**PROBLEM DETAILS**
In the data below, find the line containing "여유있는 핏으로 데님 스커트 팬츠에 모두 어울리는 라운드넥 티셔츠입니다"; transcribe it and each line after it exactly, through the last, skipping pictures.

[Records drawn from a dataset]
====
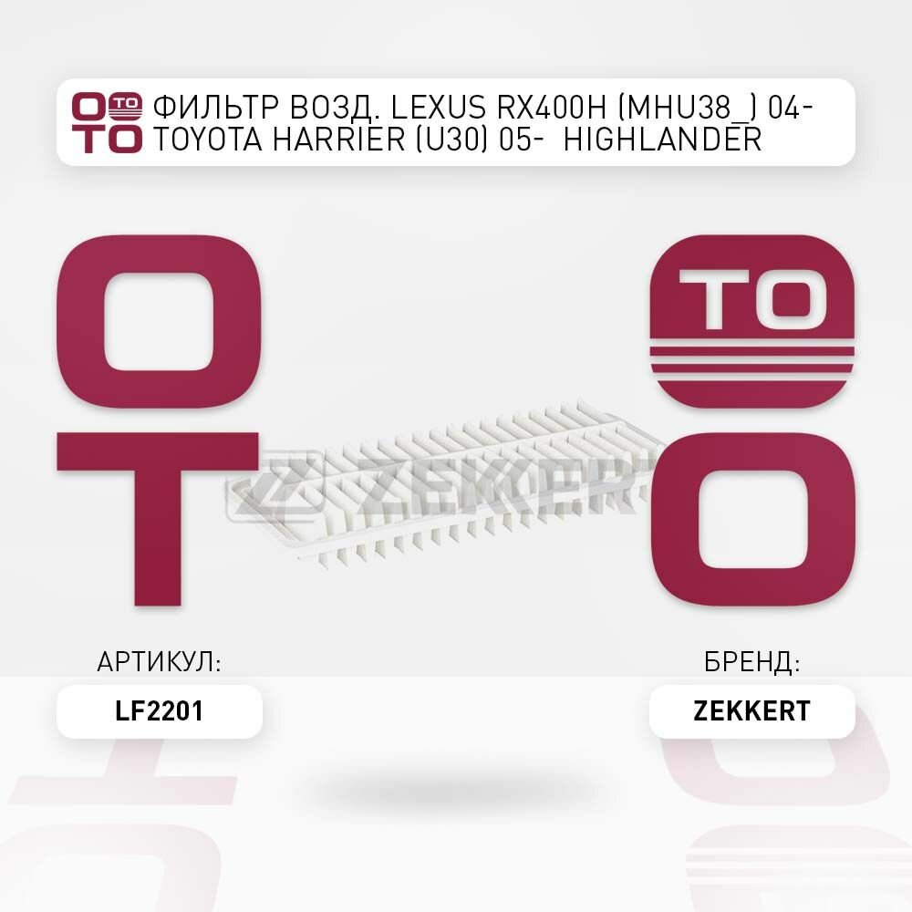 Фильтр возд. Lexus ( Лексус ) RX400h (MHU38 ) 04- Toyota ( Тойота Тоёта Таёта ) Harrier ( Харриер ) (U30) 05- Highlander ( Хайлендер ) (U20) 05- \ Zekkert LF2201, LF2201, LF-2201
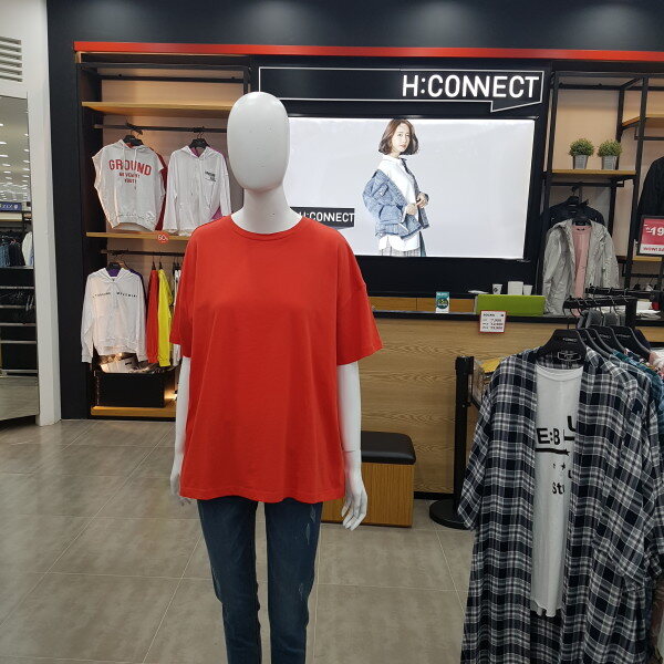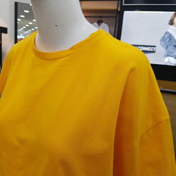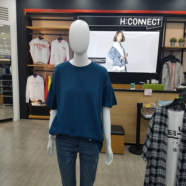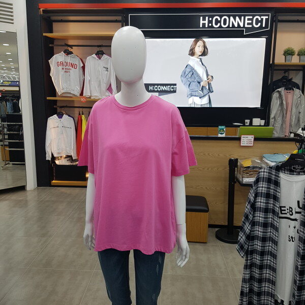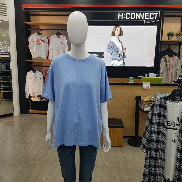 여유있는 핏으로 데님 스커트 팬츠에 모두 어울리는 라운드넥 티셔츠입니다
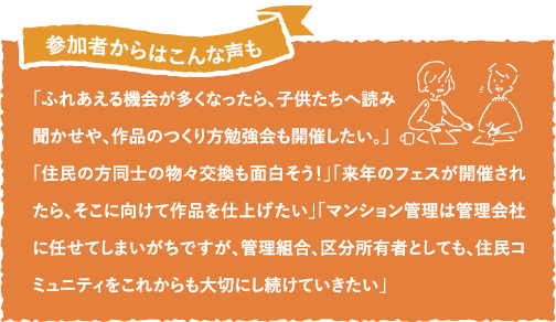 マンション管理は管理会社に任せてしまいがちですが、高齢者も多くなってきた中で、住民交流があることにより、安心感や防犯、マンション内の自治機能強化にも繋がります。こういったイベントをきっかけにマンション内の絆を深める機会として企画してみてはいかがでしょうか。
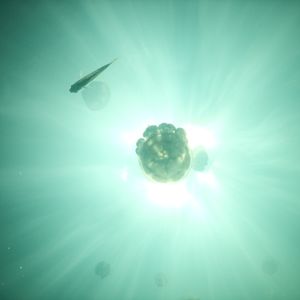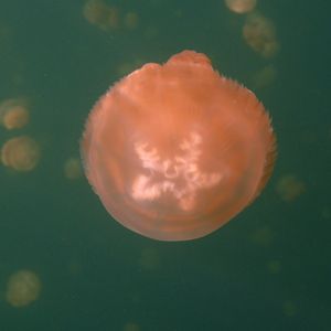 ガイドさんの「もういいよ」の声で潜ると、ものすごく幻想的な景色が!緑がかった水中にオレンジのクラゲが無数に漂う様は、何ともいえないキレイな色合いです。軽く触った感触もプヨプヨと気持ちいいです。
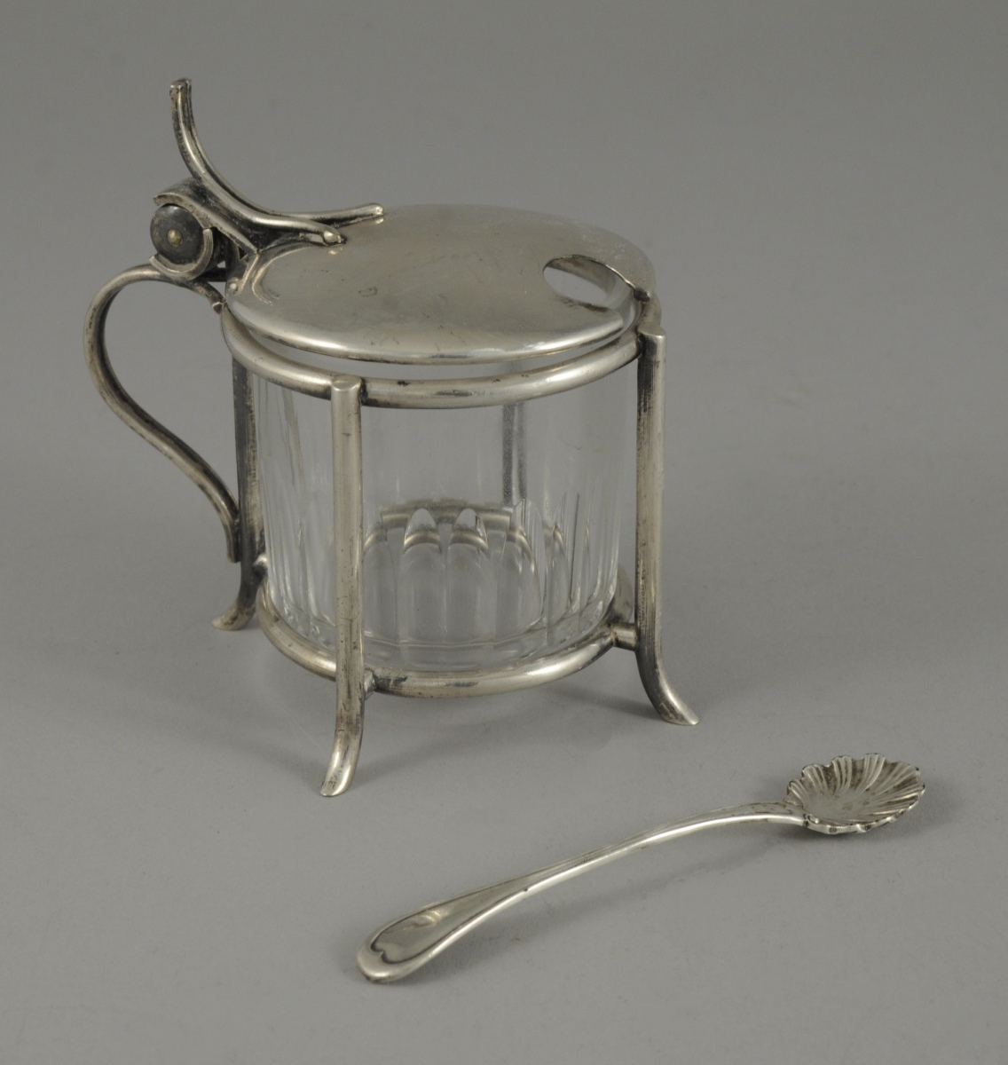 CHRISTOFLE, MOUTARDIER en métal argenté. La structure formée de joncs courbés. Le réceptacle en cristal gravé de cannelures. Haut. 9, Diam. 6,5 cm. XXème.
====
**YOUR SOLUTION**
 여유있는 핏으로 데님 스커트 팬츠에 모두 어울리는 라운드넥 티셔츠입니다
 マンション管理は管理会社に任せてしまいがちですが、高齢者も多くなってきた中で、住民交流があることにより、安心感や防犯、マンション内の自治機能強化にも繋がります。こういったイベントをきっかけにマンション内の絆を深める機会として企画してみてはいかがでしょうか。
 ガイドさんの「もういいよ」の声で潜ると、ものすごく幻想的な景色が!緑がかった水中にオレンジのクラゲが無数に漂う様は、何ともいえないキレイな色合いです。軽く触った感触もプヨプヨと気持ちいいです。
 CHRISTOFLE, MOUTARDIER en métal argenté. La structure formée de joncs courbés. Le réceptacle en cristal gravé de cannelures. Haut. 9, Diam. 6,5 cm. XXème.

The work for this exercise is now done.